Established in 1996, the Sherwood Prize recognizes law enforcement agencies that "demonstrate relentless dedication to containing and minimizing the prevalence and severity of hate-motivated behavior perpetrated in their communities." Honorees are selected by 14-member committee made up of local, state and federal law enforcement officials from Southern California.
In his acceptance speech, Truong explained that he and his family fled Vietnam in 1978 when he was 4 years old. After being awakened in the middle of the night by his parents, he and his three siblings were hidden underneath a fishing net as they were smuggled out of the country on a tiny boat. Once at sea, the engine failed, and they drifted for three days until an American freighter picked them up, he said.
"After that horrific journey, the America that waited us on the other side did not keep us out with walls, hate or violence. American took us in and welcomed us in our darkest hour of need, gave us a place to build a new home, and a chance to start a new life," he said.
"I stand before you so incredibly blessed and grateful for America. I can never, ever repay that debt. So when we talk about protecting the vulnerable, it’s not a choice or a decision, it’s a duty," he continued.

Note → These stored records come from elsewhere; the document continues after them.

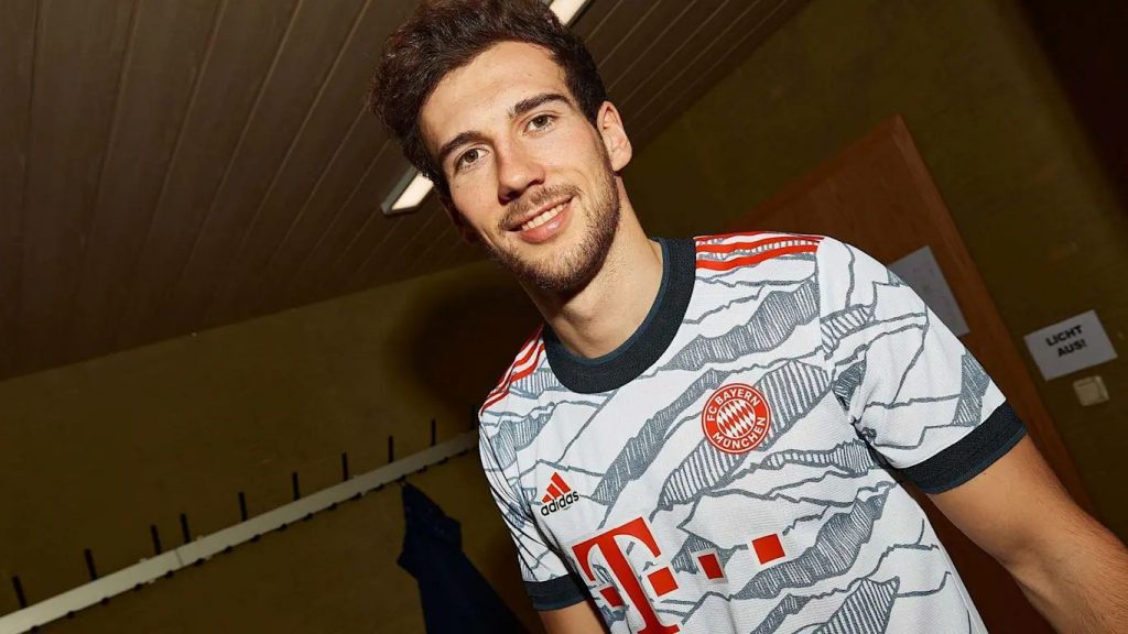 FC Bayern a adidas dnes predstavili dizajn dresov pre zápasy Ligy majstrov sezóny 2021/2022. Nový dres Ligy majstrov bol inšpirovaný horskou panorámou oblasti Mníchova. V bielo-modrej farbe je do inovatívneho dizajnu začlenený štylizovaný horský svet, ktorý symbolizuje väzby na domov a korene nemeckých šampiónov, ako aj jeho nároky vždy mieriť na najvyššie vrcholy. Na úpätí hôr čerpá FC Bayern sily, než by mal ísť strmo hore. Bavorsko je tiež spôsob života, životný štýl a nový dres ho prenáša na futbalové ihriská po celej Európe. Novým dresom teda dominuje modro-biela kombinácia doplnená červenou farbou. Prednej strane dominujú červené tradičné logá. Červené logo adidas lemované bielou farbou s modrým nápisom adidas, červené logo hlavného sponzora spoločnosti Telekom rovnako lemované bielou farbou a červené logo nášho klubu. Dresy sú vyrobené technológiou HEAT.RDY, ktorého znak nájdeme na prednej strane. Rukávy sú ukončené širokým tmavomodrým a následne tenším svetlomodrým pruhom. Tradičné pruhy firmy adidas v červenej farbe sú opäť iba na pleciach. Tričkový golier je rovnako ako rukávy tvorený širokým tmavomodrým a následne tenším svetlomodrým pruhom. Na zadnej strane je pod golierom červený nápis Mia san mia. Do časti zadnej strany dresu zasahuje prednej strane dominujúca horská panoráma oblasti Mníchova. Ďalej tam nájdeme v hornej časti modrou farbou meno hráča a červenou farbou číslo hráča s logom klubu, ktoré je opäť graficky tvorené tak, aby budilo 3D dojem. Kolekciu dopĺňajú trenírky bielej farby, ktoré majú po bokoch červené pruhy adidas. Na pravej nohe vpredu je červené logo klubu a na ľavej nohe vpredu červené logo firmy adidas. Trenírky sú vyrobené technológiu adidas AEROREADY. Štucniam tiež dominuje horská panoráma oblasti Mníchova. Doplnená je o červené pruhy pruhy adidas, vpredu je červený nápis BAYERN a vzadu červené logo adidas. Päta a špička sú sivo-modrej farby.
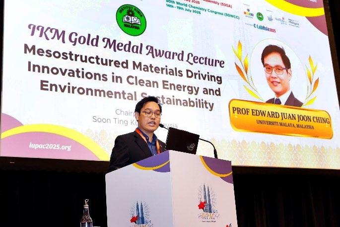 Organised by Institut Kimia Malaysia (IKM) under auspices of the International Union of Pure and Applied Chemistry (IUPAC), the congress was themed “Chemistry for Sustainable Future”, underscoring the pivotal role of chemistry in addressing global sustainability challenges. The scientific programme offered a dynamic mix of plenary and keynote lectures, workshops, oral presentations, poster sessions, working group meetings, and special forums. Apa rt from the Pure and Applied Chemistry sessions, the delegates also participated in thematic symposia centred on the United Nations Sustainable Development Goals (SDGs), including Zero Hunger, Good Health, Gender Equality, Clean Water, Affordable and Clean Energy, and Climate Action. These sessions featured leading experts from around the world, fostering knowledge exchange on emerging technologies, ethics in science, chemical safety, and professional responsibility.
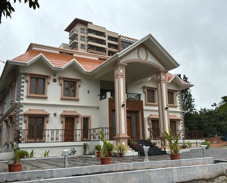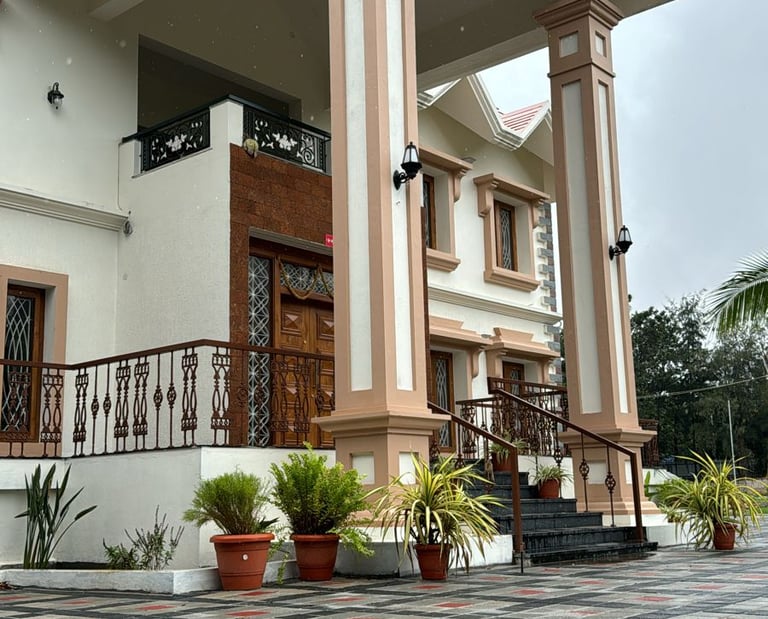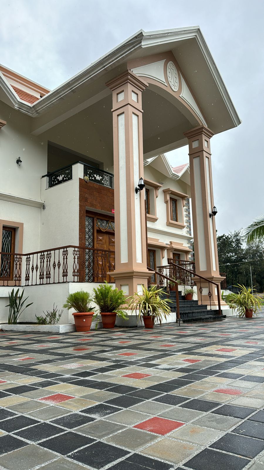 This residence has living, dining, office space, pooja, central courtyard, Lift & staircase, media room, library, store & utility. The basement floor has a car park with indoor swimming pool & servant quarters. The entire house is designed as per vastu and all the materials used in this project are natural materials Like – Kota stone flooring, Jaisalmer stone flooring, Attangudi tiles, Exposed brick wall in the Dining, Stone and cast-iron grill in the exposed brick wall of the pooja, Jali wall in the living as a partition wall for the hand wash. The central courtyard with skylight is the focal point of the residence. The façade of the residence is of early European style with slope roof, pillars with pediments & roof cornices. The corner of the façade is treated with stone cladding. The rich flora & fauna in the site increases the Oxygen levels. The entire residence is a self-sustainable with renewable energy such as Rainwater harvesting, Solar panels for power.
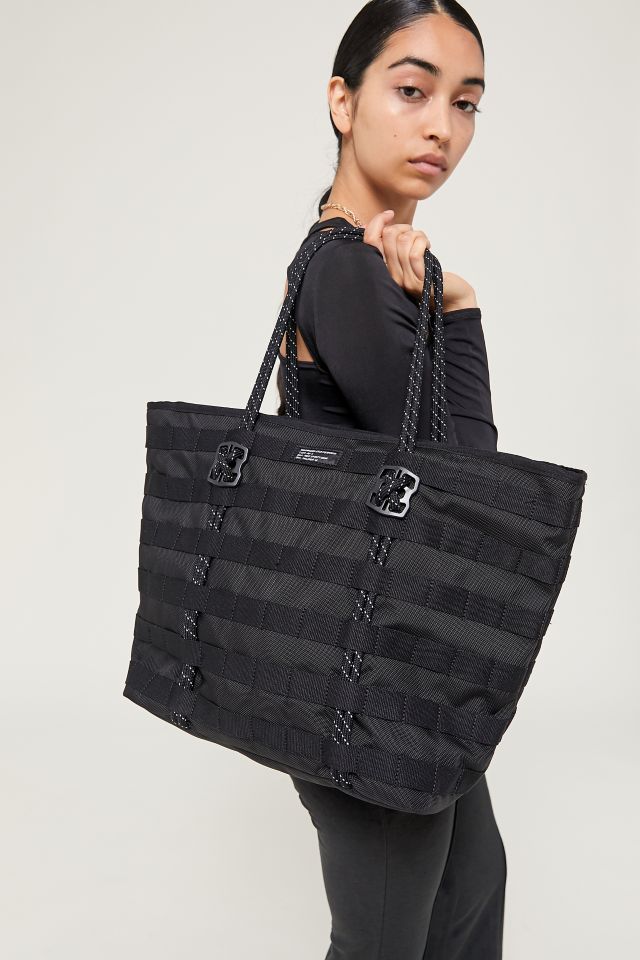 Function and fashion merge in this tough tote bag by Nike, featuring a spacious compartment and cord handles.

"And when we talk about those who would prey on the vulnerable – whether this gang or the next hate group or those national forces on the horizon – it’s a duty for all of us to stand up and say, ‘No.’ Not in our America. Not in our children’s America, nor in their children’s America. In this America that we know and love, we protect everyone, especially now, and for always."
His emotional speech triggered a standing ovation from the audience of 250 at the Skirball Center.
A public policy major at Occidental, Truong served as a Coro Fellow after graduation and then went to law school at UC Berkeley. He has worked for the Los Angeles City Attorney’s office since 2005, and was recently appointed director of the Anti-Sex and Labor Trafficking Program.